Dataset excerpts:
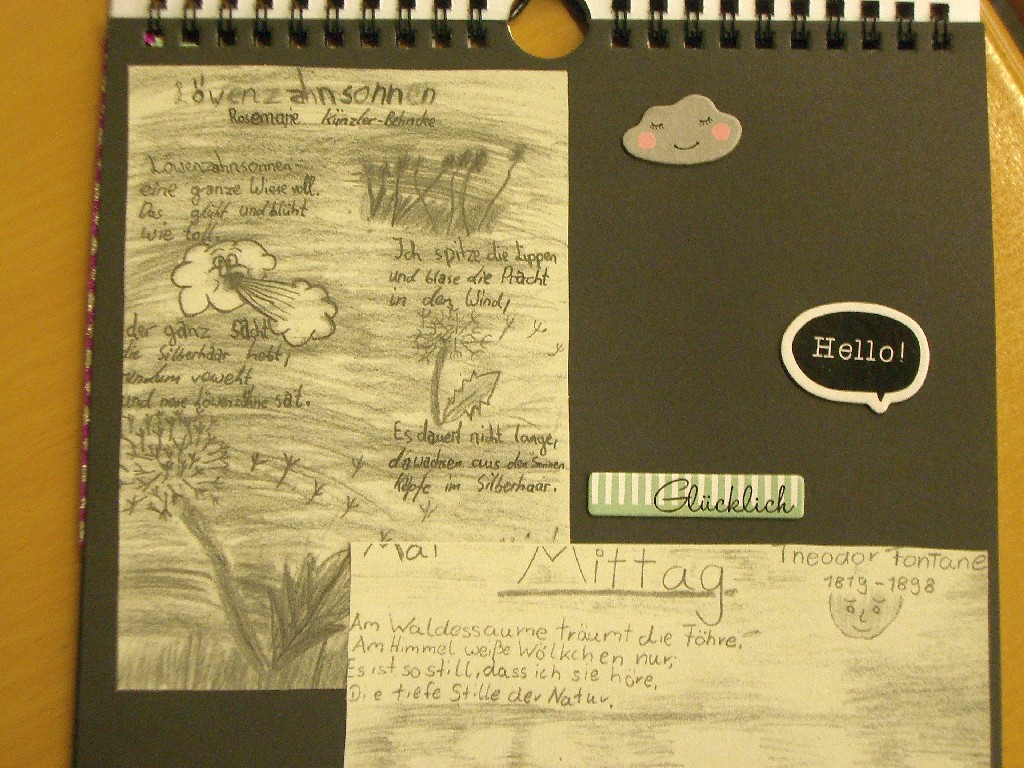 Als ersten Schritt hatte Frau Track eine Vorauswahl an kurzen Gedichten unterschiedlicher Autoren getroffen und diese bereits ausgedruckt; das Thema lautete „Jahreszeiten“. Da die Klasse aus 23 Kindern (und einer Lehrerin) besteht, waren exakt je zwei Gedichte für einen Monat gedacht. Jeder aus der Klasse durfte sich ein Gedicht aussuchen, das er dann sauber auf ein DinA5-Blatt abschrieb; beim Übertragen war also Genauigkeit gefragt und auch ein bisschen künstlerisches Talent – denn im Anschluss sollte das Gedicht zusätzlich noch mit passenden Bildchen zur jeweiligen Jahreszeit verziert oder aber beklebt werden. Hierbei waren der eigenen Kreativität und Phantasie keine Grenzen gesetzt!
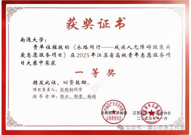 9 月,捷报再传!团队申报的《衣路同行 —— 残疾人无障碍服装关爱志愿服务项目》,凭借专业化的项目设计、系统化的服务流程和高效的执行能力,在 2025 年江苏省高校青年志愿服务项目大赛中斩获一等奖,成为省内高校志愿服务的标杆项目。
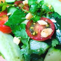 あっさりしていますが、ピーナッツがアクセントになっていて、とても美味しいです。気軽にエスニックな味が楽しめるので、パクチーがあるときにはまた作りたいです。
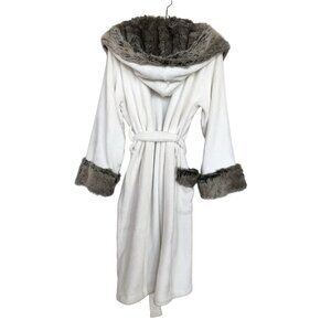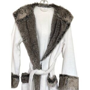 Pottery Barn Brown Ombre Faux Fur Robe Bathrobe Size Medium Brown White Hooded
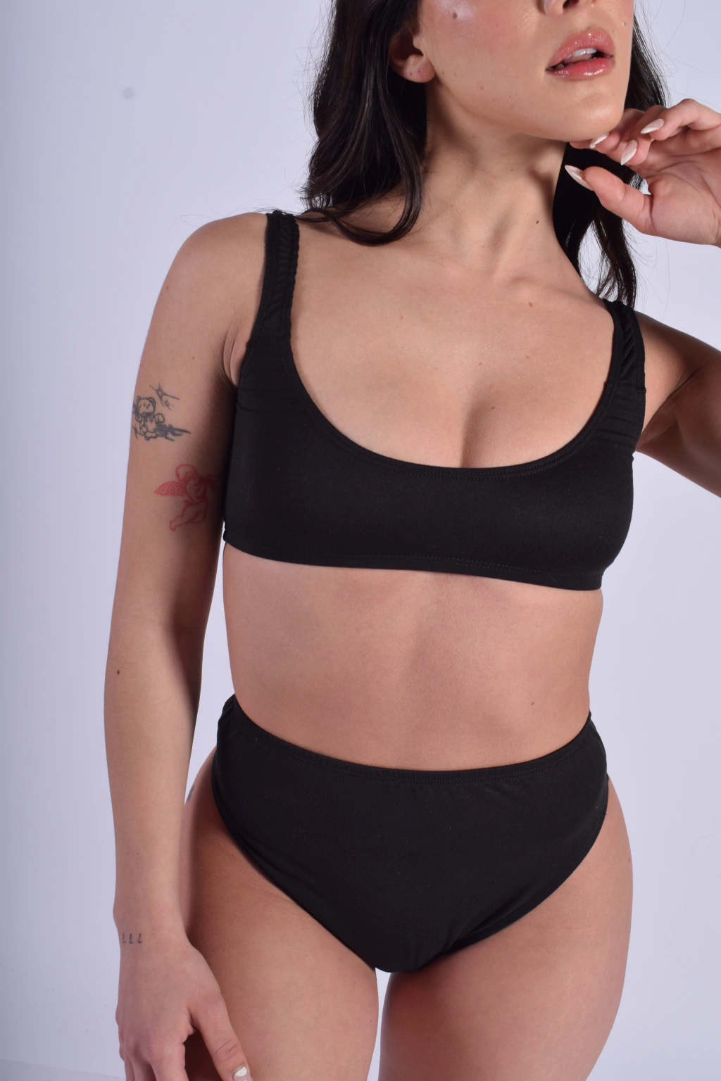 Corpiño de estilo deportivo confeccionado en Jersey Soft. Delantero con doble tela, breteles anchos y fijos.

### TASK ITEM
Each word of the data should be repeated exactly, and the pictures left out.

### EXERCISE SOLUTION
 Als ersten Schritt hatte Frau Track eine Vorauswahl an kurzen Gedichten unterschiedlicher Autoren getroffen und diese bereits ausgedruckt; das Thema lautete „Jahreszeiten“. Da die Klasse aus 23 Kindern (und einer Lehrerin) besteht, waren exakt je zwei Gedichte für einen Monat gedacht. Jeder aus der Klasse durfte sich ein Gedicht aussuchen, das er dann sauber auf ein DinA5-Blatt abschrieb; beim Übertragen war also Genauigkeit gefragt und auch ein bisschen künstlerisches Talent – denn im Anschluss sollte das Gedicht zusätzlich noch mit passenden Bildchen zur jeweiligen Jahreszeit verziert oder aber beklebt werden. Hierbei waren der eigenen Kreativität und Phantasie keine Grenzen gesetzt!
 9 月,捷报再传!团队申报的《衣路同行 —— 残疾人无障碍服装关爱志愿服务项目》,凭借专业化的项目设计、系统化的服务流程和高效的执行能力,在 2025 年江苏省高校青年志愿服务项目大赛中斩获一等奖,成为省内高校志愿服务的标杆项目。
 あっさりしていますが、ピーナッツがアクセントになっていて、とても美味しいです。気軽にエスニックな味が楽しめるので、パクチーがあるときにはまた作りたいです。
 Pottery Barn Brown Ombre Faux Fur Robe Bathrobe Size Medium Brown White Hooded
 Corpiño de estilo deportivo confeccionado en Jersey Soft. Delantero con doble tela, breteles anchos y fijos.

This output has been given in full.